#### RECORDED DATA:
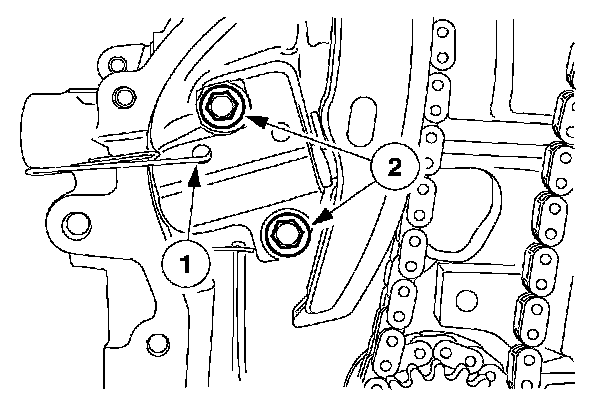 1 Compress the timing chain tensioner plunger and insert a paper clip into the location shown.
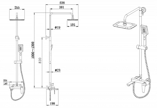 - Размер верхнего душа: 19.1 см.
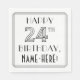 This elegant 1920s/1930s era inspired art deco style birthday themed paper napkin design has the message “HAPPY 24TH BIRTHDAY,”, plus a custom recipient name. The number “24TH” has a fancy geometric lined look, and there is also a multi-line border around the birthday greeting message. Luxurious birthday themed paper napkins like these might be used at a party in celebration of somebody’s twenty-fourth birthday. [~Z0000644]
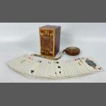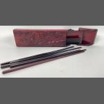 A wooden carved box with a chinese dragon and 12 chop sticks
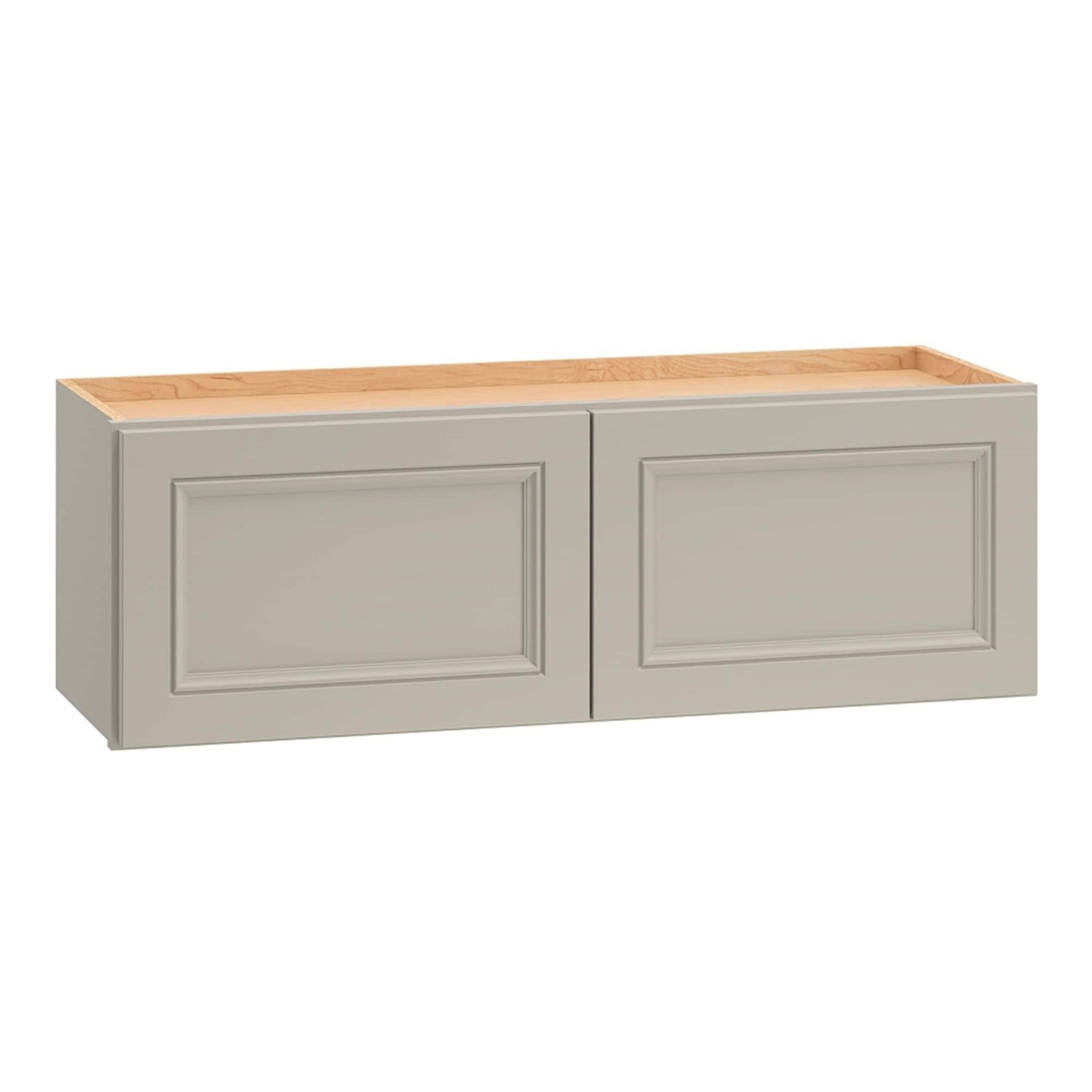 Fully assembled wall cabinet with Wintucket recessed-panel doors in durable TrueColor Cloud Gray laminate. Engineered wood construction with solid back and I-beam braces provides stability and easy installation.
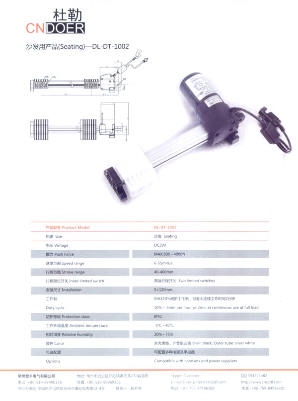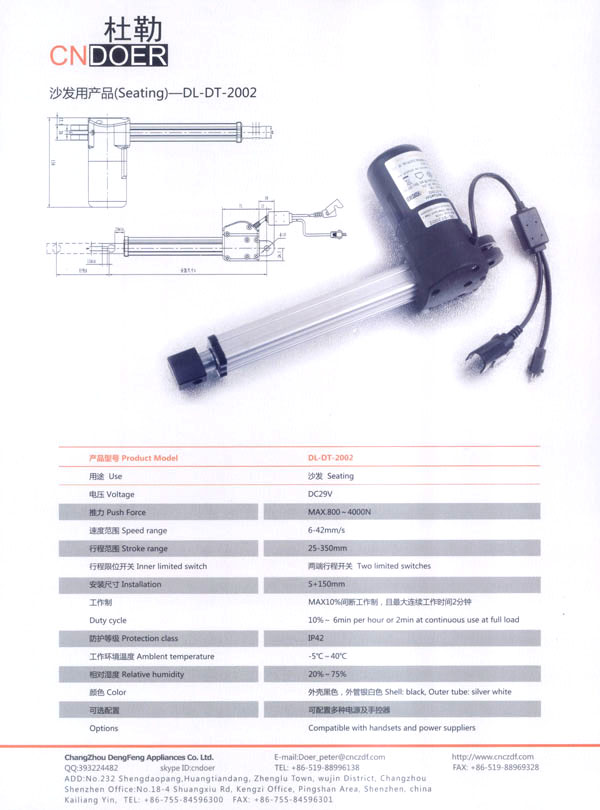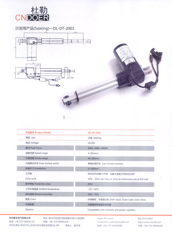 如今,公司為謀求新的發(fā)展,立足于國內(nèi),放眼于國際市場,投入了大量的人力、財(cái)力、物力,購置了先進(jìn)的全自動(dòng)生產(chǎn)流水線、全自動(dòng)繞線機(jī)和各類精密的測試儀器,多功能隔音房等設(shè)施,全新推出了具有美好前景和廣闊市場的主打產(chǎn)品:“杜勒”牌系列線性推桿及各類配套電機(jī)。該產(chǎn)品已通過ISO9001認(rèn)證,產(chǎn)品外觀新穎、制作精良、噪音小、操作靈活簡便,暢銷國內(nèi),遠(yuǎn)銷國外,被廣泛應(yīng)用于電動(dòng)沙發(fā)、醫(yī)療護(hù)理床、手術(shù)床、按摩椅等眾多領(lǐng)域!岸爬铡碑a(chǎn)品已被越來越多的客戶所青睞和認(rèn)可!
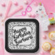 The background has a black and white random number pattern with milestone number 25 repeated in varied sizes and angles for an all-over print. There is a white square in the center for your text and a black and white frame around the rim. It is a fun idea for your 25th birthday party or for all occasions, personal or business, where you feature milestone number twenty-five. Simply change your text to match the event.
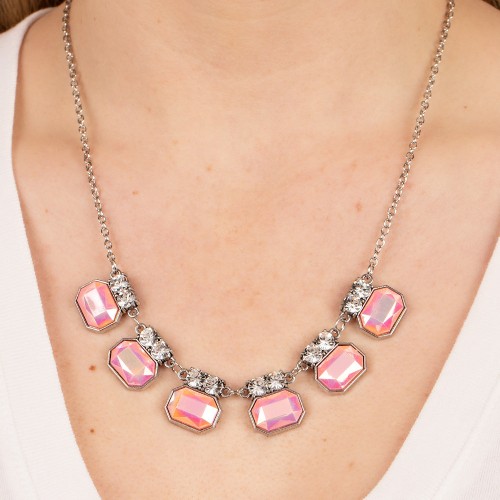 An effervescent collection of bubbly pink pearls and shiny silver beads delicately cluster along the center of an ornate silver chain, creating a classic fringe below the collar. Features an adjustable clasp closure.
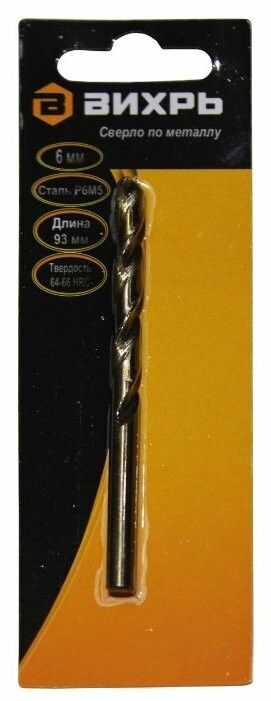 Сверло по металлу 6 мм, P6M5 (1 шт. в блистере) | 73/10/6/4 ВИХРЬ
---
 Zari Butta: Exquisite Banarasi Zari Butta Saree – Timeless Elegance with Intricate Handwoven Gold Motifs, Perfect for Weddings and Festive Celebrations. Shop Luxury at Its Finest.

#### ABOUT THIS EXERCISE:
In the entries above, find the line with "Fully assembled wall" and the line with "如今,公司為謀求新的發(fā". Write out exactly those two lines and every line between them, pictures excluded.

#### SOLUTION FOR THIS PROBLEM:
 Fully assembled wall cabinet with Wintucket recessed-panel doors in durable TrueColor Cloud Gray laminate. Engineered wood construction with solid back and I-beam braces provides stability and easy installation.
 如今,公司為謀求新的發(fā)展,立足于國內(nèi),放眼于國際市場,投入了大量的人力、財(cái)力、物力,購置了先進(jìn)的全自動(dòng)生產(chǎn)流水線、全自動(dòng)繞線機(jī)和各類精密的測試儀器,多功能隔音房等設(shè)施,全新推出了具有美好前景和廣闊市場的主打產(chǎn)品:“杜勒”牌系列線性推桿及各類配套電機(jī)。該產(chǎn)品已通過ISO9001認(rèn)證,產(chǎn)品外觀新穎、制作精良、噪音小、操作靈活簡便,暢銷國內(nèi),遠(yuǎn)銷國外,被廣泛應(yīng)用于電動(dòng)沙發(fā)、醫(yī)療護(hù)理床、手術(shù)床、按摩椅等眾多領(lǐng)域!岸爬铡碑a(chǎn)品已被越來越多的客戶所青睞和認(rèn)可!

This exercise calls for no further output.